Curriculum Based Assessment Design

Curriculum Based Assessment Design

Using what you’ve learned from Chapters Six and Eight from Lefrançois as well as other resources along the way, develop a curriculum based assessment (CBA) centered on one of your two instructional plans from Weeks Three and Four.

Part 1:  Provide a Pre-Assessment Description (One-to two-pages).
Use these prompts to guide your exploration of what occurred BEFORE the summative assessment.

  1. State measurable and observable objectives (what you wanted students to learn).
  2. Describe how you knew learning occurred prior to summative assessment.
  3. Describe the instructional strategies used to prepare students for the summative assessment (from your previous instructional plan in either Weeks Three or Four).
  4. Explain adjustments you made or should have made to your instruction to ensure mastery of learning objectives.
  5. Describe how the use of technology contributed to student preparation for the summative assessment or how it will be added to and contribute to the summative assessment here.

Part 2: Design an easily accessible summative assessment (Approximately two to three pages)

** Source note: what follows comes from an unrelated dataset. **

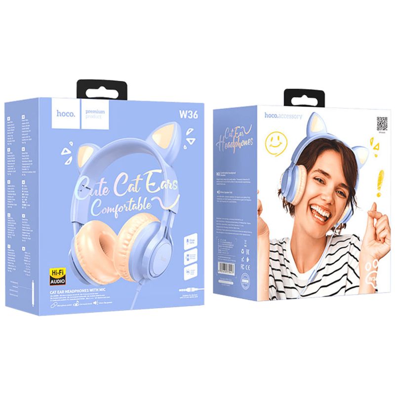 hoco. Slušalice sa mikrofonom, mačje uši, plava - W36 slušalice Mačje uši,Dream Blue

  1. Identify the grade level and subject matter and a measurable unit objective(s) and align with the stated standard as prescribed in the original instructional plan from either Week Three or Four and referenced from the Common Core State Standards Initiative.
  2. Create a minimum of six, no more than ten, problems/questions/tasks for students to complete that include a variety of test item types (selected response, short answer, extended written response, and/or performance).
  3. Label each question with its corresponding:
    • Objective(s) (if more than one is being assessed)
    • Depth of Knowledge (DOK) levels (Note at least two different cognitive levels must be measured on this assessment.)
  4. Define and discuss criteria for scoring extended response and performance items.

Part 3: Provide Assessment Reflection (One to two pages).

  1. Define how you determined mastery.
  2. Explain how you will accommodate or modify for the special population previously described in Week Four (two students with specific learning disabilities in reading and math, one ADHD student, and one English language learner).
  3. Describe how you will use the evidence collected.

Grading: You will submit a SINGLE document clearly labeled as Parts 1, 2, and 3. APA formatting will be followed, including the required cover and reference pages. You must use a minimum of five scholarly resources, in addition to the course text. Your resources should include a combination of peer-reviewed articles and web-based articles, and they must be cited in-text. You will be held accountable for each required subcomponent per part, viewable on the assignment rubric.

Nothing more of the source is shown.